* **Record set**:
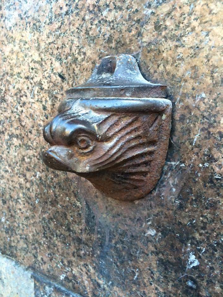 - Rear of the City Museum building New St Square/Market Street corner. This fountain is still partially present, with brown granite and a heraldic dolphin spout, though there’s no bowl now. Provided by the Lancaster Corporation with the funding given by an anonymous donor in 1859 along with three others, it used the newly piped water from the Wyresdale fells.
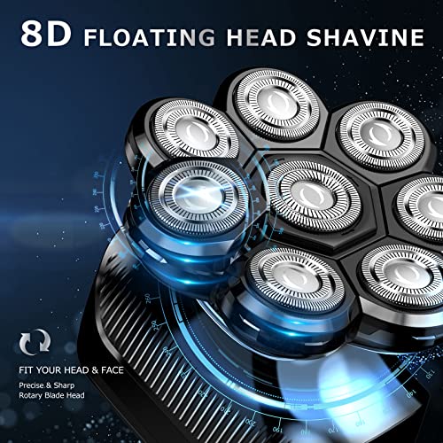 Rasoio Elettrico Testa Calva Uomo, Shtepime 10-IN-1 Rasoio a testa Calva 8D Rasoio Rotante da Uomo IPX7 Impermeabile Set per la cura della testa calva con Rifinitore di Precisione, Display a Led
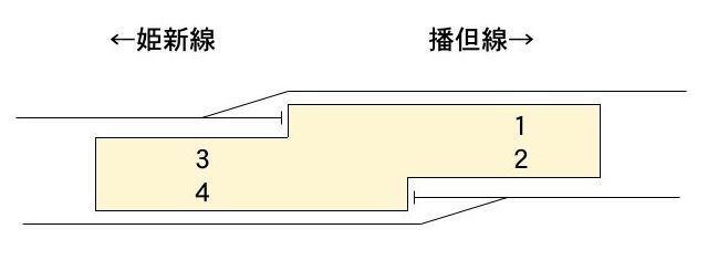 姫路駅で在来線ホームへ移動する。以前姫路に来た時には、駅が高架になる工事中であったので、播但線や姫新線のホームは地上であったが、高架工事が終了した駅はとてもきれいになった。これから乗る播但線ホームは1,2番線だが、姫新線ホームの3,4番線と共用である。これだけだとよくわからないと思うので、図を示す。
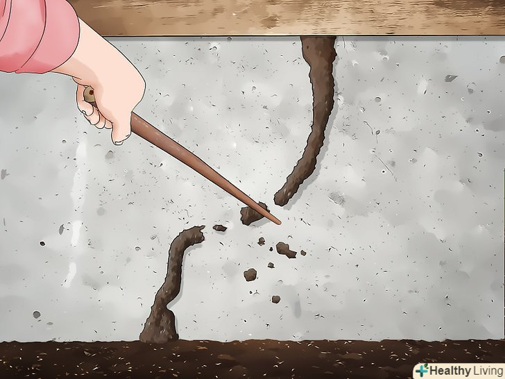 Розбийте грязьові тунелі. для переміщення між ділянками своєї колонії терміти створюють грязьові тунелі. Вони можуть виглядати як ланцюжки або лінії бруду на стіні або фундаменті. Зламайте тунель, щоб побачити, чи є в ньому терміти. Навіть якщо тунель порожній, це не означає, що в будинку немає термітів. [7]
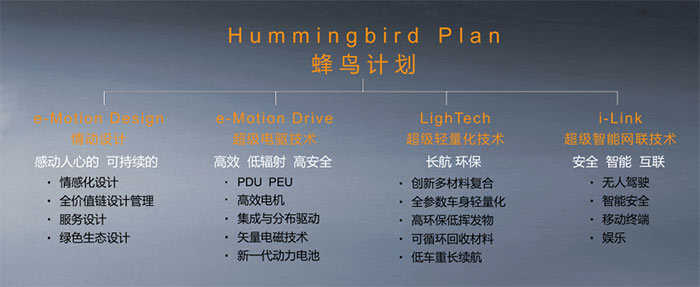“蜂鸟计划”是在北汽新能源十三五战略规划之后发布的首个技术战略,也是对北汽新能源十三五战略规划提出的技术战略的落地计划。作为北汽新能源引领行业未来的技术战略,“蜂鸟计划”涵盖了e-Motion Design(情感化设计)、e-Motion Drive(超级电驱技术)、LighTech(超级轻量化技术)、i-Link(超级智能网联技术)。e-Motion Drive能够更高度集成PDU、PEU、高效电机、集成与分布驱动,矢量电磁技术与新一代动力电池高度整合,带来高效率、低辐射、高安全的驾驶体验;LighTech就是通过全参数车身轻量化与大规模复合、环保、可循环材料,让整车续航更长、更环保。i-Link,简单讲,就是在目前网联技术的基础上,增加无人驾驶功能。
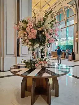 🌟Atmosphere: The interior is beautifully decorated with beautiful chandeliers and a design that combines Thai and modern architecture. With many facilities The spacious lobby area is a waiting area and a drink lounge for ordering. There is a restaurant, a fitness room, a spa, a swimming pool, a meeting room, and a spacious parking lot. Anyone looking for a beautiful hotel near the BTS line must try to stay here.
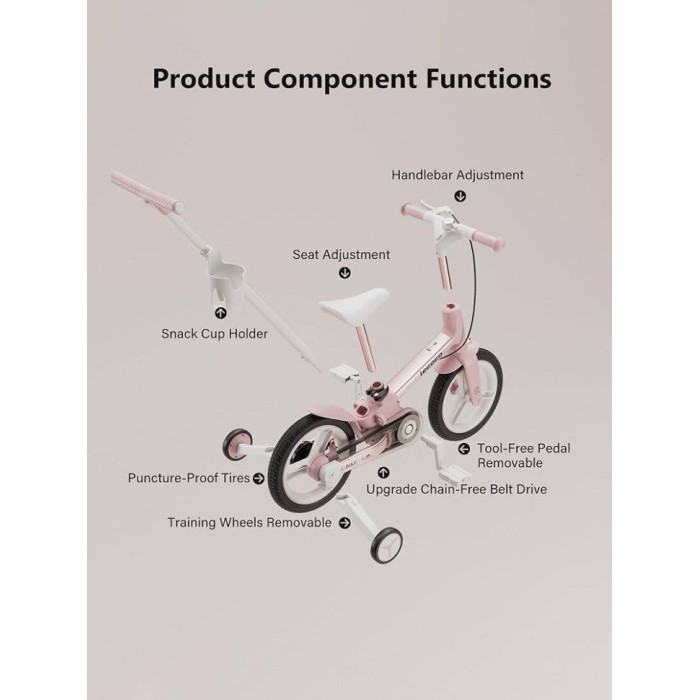 Регульоване сидіння допомагає ідеально підлаштувати велосипед під зріст дитини, забезпечуючи правильну посадку та комфорт під час катання. Батьківська ручка з можливістю регулювання висоти дає змогу дорослим контролювати рух на початкових етапах навчання. Додаткові страхувальні колеса підвищують стабільність і допомагають малюку швидше набути впевненості.
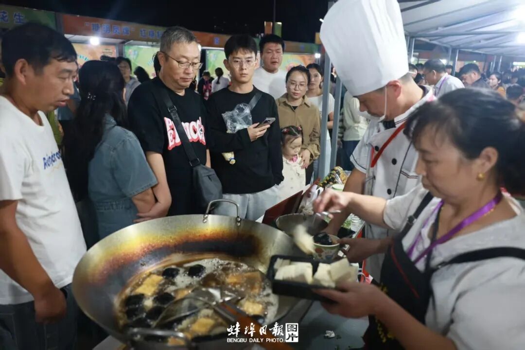 锅碗瓢盆的碰撞声、食材的滋滋声与满场香气交织,上演了一场味觉、视觉与嗅觉的狂欢。美食爱好者也毫不逊色——每一道菜都是对“蚌埠味”的深情诠释。
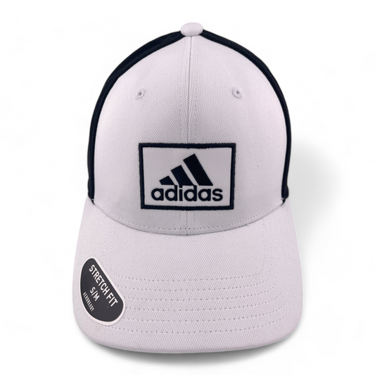 adidas Golf 2 Logo Black/White 3 Stripe Square Logo Stretch Fit Hat Cap Size S/M

* **What the task requires**: Beginning with the line containing "锅碗瓢盆的碰撞声、食材的滋滋" and ending with the last line of the listing above, output those lines exactly as written, without pictures.

* **Response area**:
 锅碗瓢盆的碰撞声、食材的滋滋声与满场香气交织,上演了一场味觉、视觉与嗅觉的狂欢。美食爱好者也毫不逊色——每一道菜都是对“蚌埠味”的深情诠释。
 adidas Golf 2 Logo Black/White 3 Stripe Square Logo Stretch Fit Hat Cap Size S/M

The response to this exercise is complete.